- **ABOUT THIS TASK**:
All that is wanted is the exact lines from the first line of the data below through the line with "Woven Bamboo Flat", both ends included, with pictures omitted.
[[ INFORMATION SUPPLIED open ]]
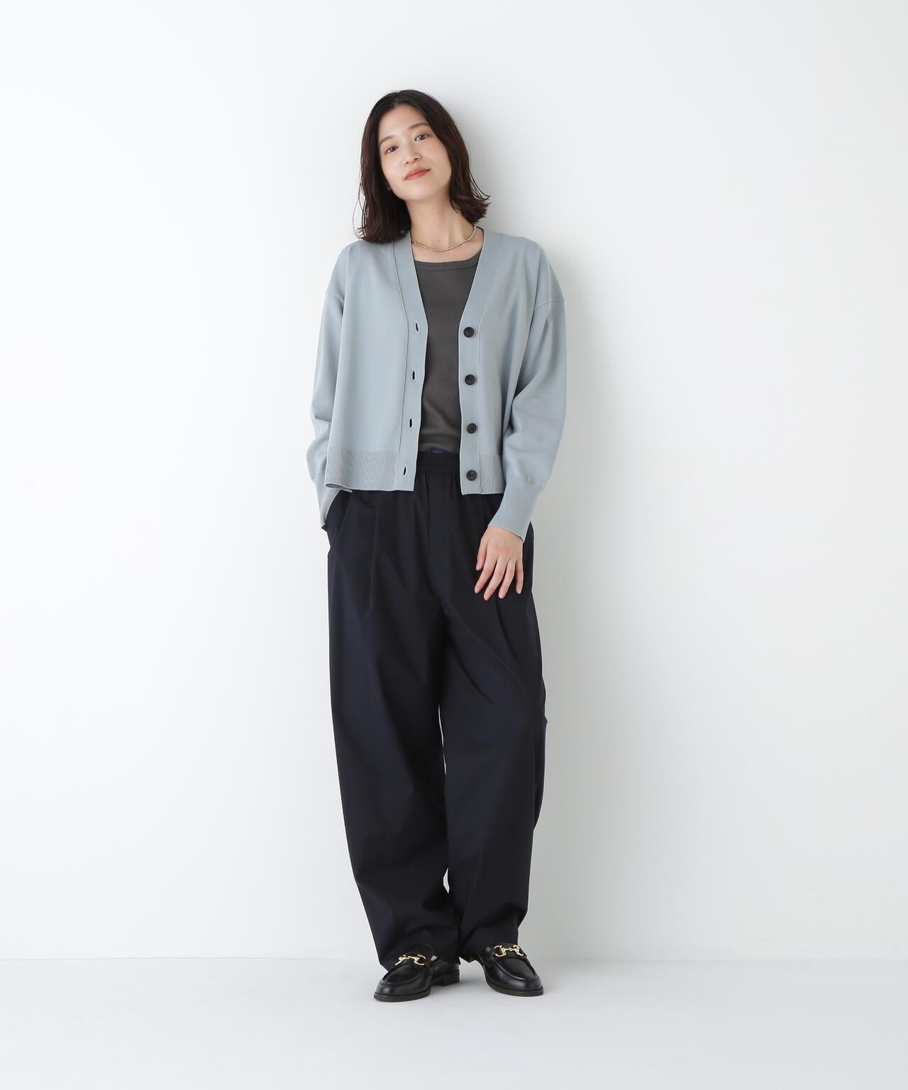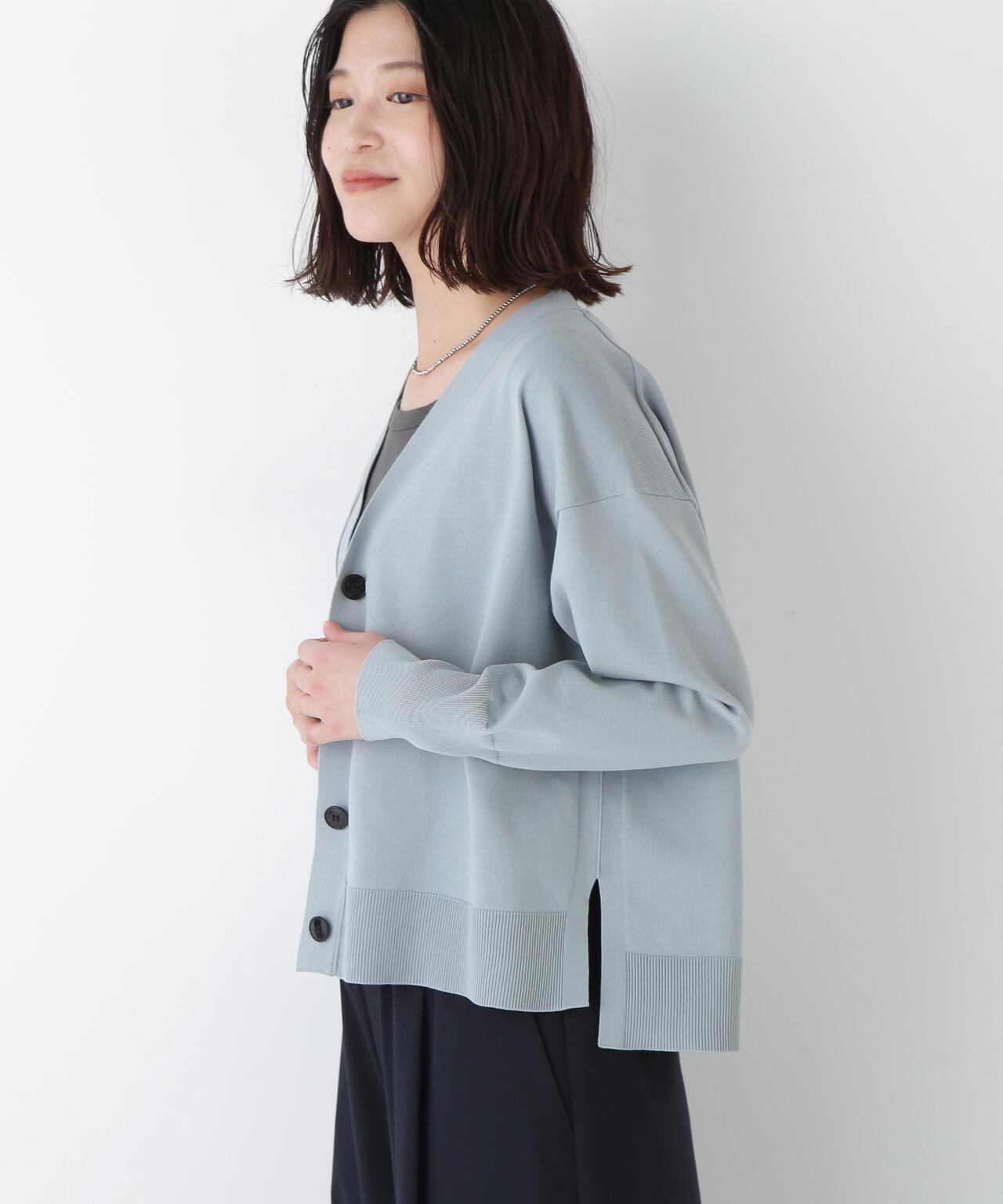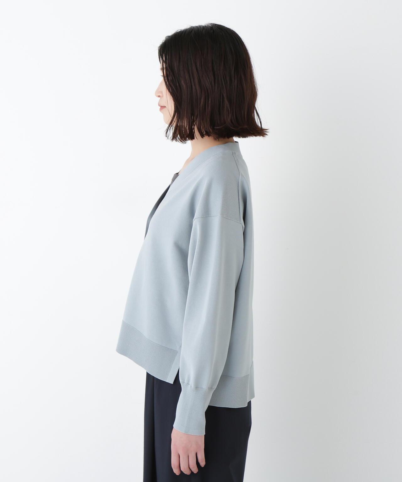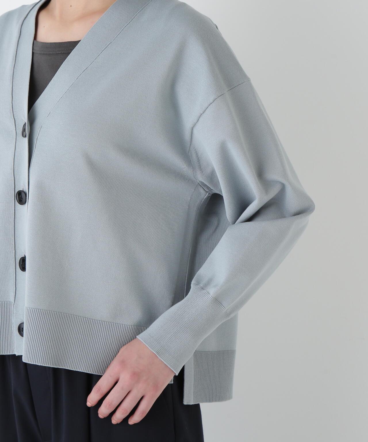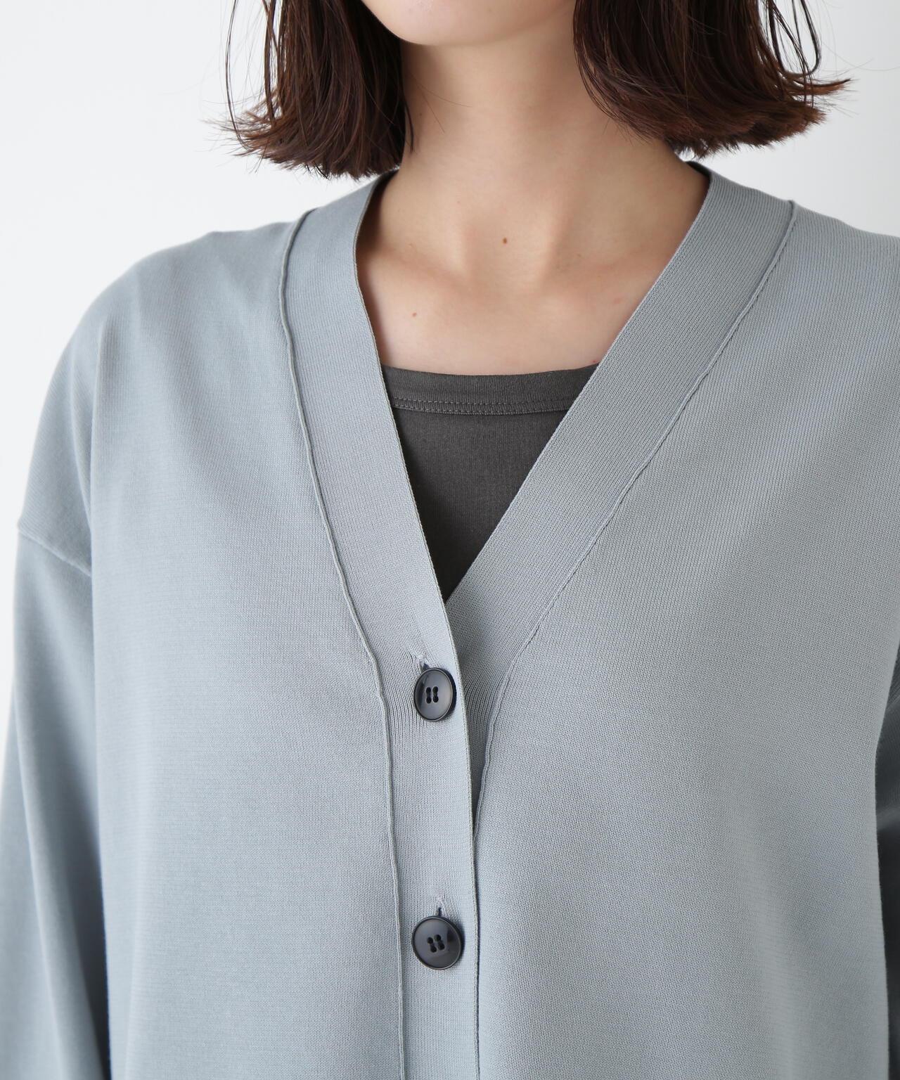 👍適合日常穿著的 V 領開衫 [設計特色] 這款 V 領開衫袖子豐滿,在不長不短的長度和寬鬆的衣身之間取得了全新的平衡。本季,通過在前後增加不同的長度,使穿著更加方便。深色紐扣是一大特色。面料由鍍有天然纖維的有機棉製成,表面紋理細膩。這款 V 領開衫非常適合日常穿著,無論上班還是下班都可以穿。扣上紐扣後還可以當套頭衫穿。它是一款非常適合搭配寬鬆下裝的單品。
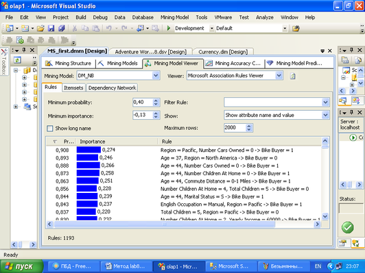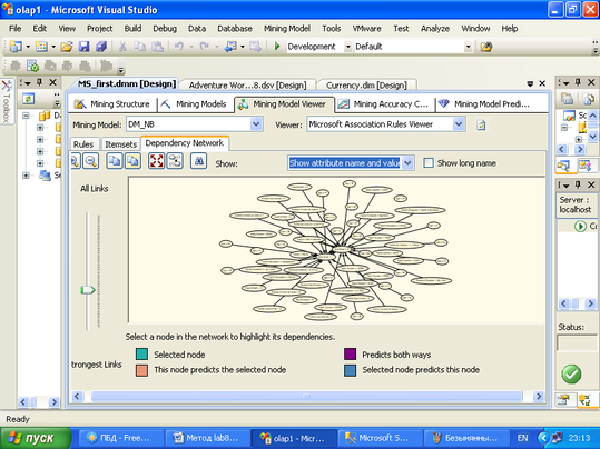 Вкладка Dependency Network показывает правила и их вероятность в графическом виде:
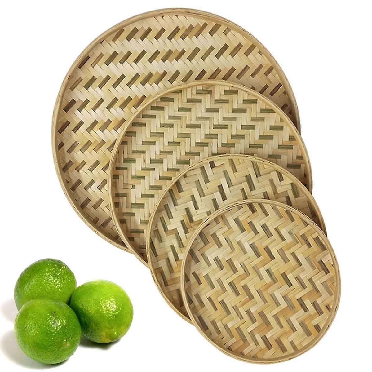 Woven Bamboo Flat Tray for Fruit Basket, Snack Holder, Food Container, Kitchen Table Decor, Compatible with AURORA TRADE
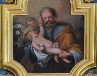 | Keywords: Ebersmunster Abbatiale171.JPG Alsace Bas-Rhin Ebersmunster Église abbatiale Saint-Maurice Autel secondaire de Sainte-Odile XVIIIe Tableau du couronnement saint Joseph et l'enfant Jésus 1807 own 2015 Ralph Hammann cc-by-sa-4 0 Artwork / Œuvre d'art / Kunstwerk saint Joseph et l'enfant Jésus XVIIIe oil canvas Abbatiale Saint-Maurice Ebersmunster Autel secondaire de Sainte-Odile IM67007589 object history Ces tableaux d'autels signés par Franz Joseph Stoeber celui de sainte Scholastique date de 1781 celui de sainte Odile de 1807 remplacent les œuvres d'origine ornant les autels retables secondaires de 1730 ; les tableaux des couronnements ne sont pas signés mais datent également du 18e siècle other versions Ralph Hammann PD-old accession number Taken with Canon PowerShot SX20 IS Photographs of Ebersmunster by Ralph Hammann Autel de Sainte-Odile Ebersmunster Objets monuments historiques in Bas-Rhin church paintings Baroque church paintings in Alsace Paintings of Christian saints in France 19th-century church paintings in Alsace 1807 oil on canvas paintings in France 1807 works in Alsace Saint Joseph and Jesus Christ as a baby Paintings of Saint Joseph in France |
[[ INFORMATION SUPPLIED closed ]]
- **RESPONSE BOX**:
 👍適合日常穿著的 V 領開衫 [設計特色] 這款 V 領開衫袖子豐滿,在不長不短的長度和寬鬆的衣身之間取得了全新的平衡。本季,通過在前後增加不同的長度,使穿著更加方便。深色紐扣是一大特色。面料由鍍有天然纖維的有機棉製成,表面紋理細膩。這款 V 領開衫非常適合日常穿著,無論上班還是下班都可以穿。扣上紐扣後還可以當套頭衫穿。它是一款非常適合搭配寬鬆下裝的單品。
 Вкладка Dependency Network показывает правила и их вероятность в графическом виде:
 Woven Bamboo Flat Tray for Fruit Basket, Snack Holder, Food Container, Kitchen Table Decor, Compatible with AURORA TRADE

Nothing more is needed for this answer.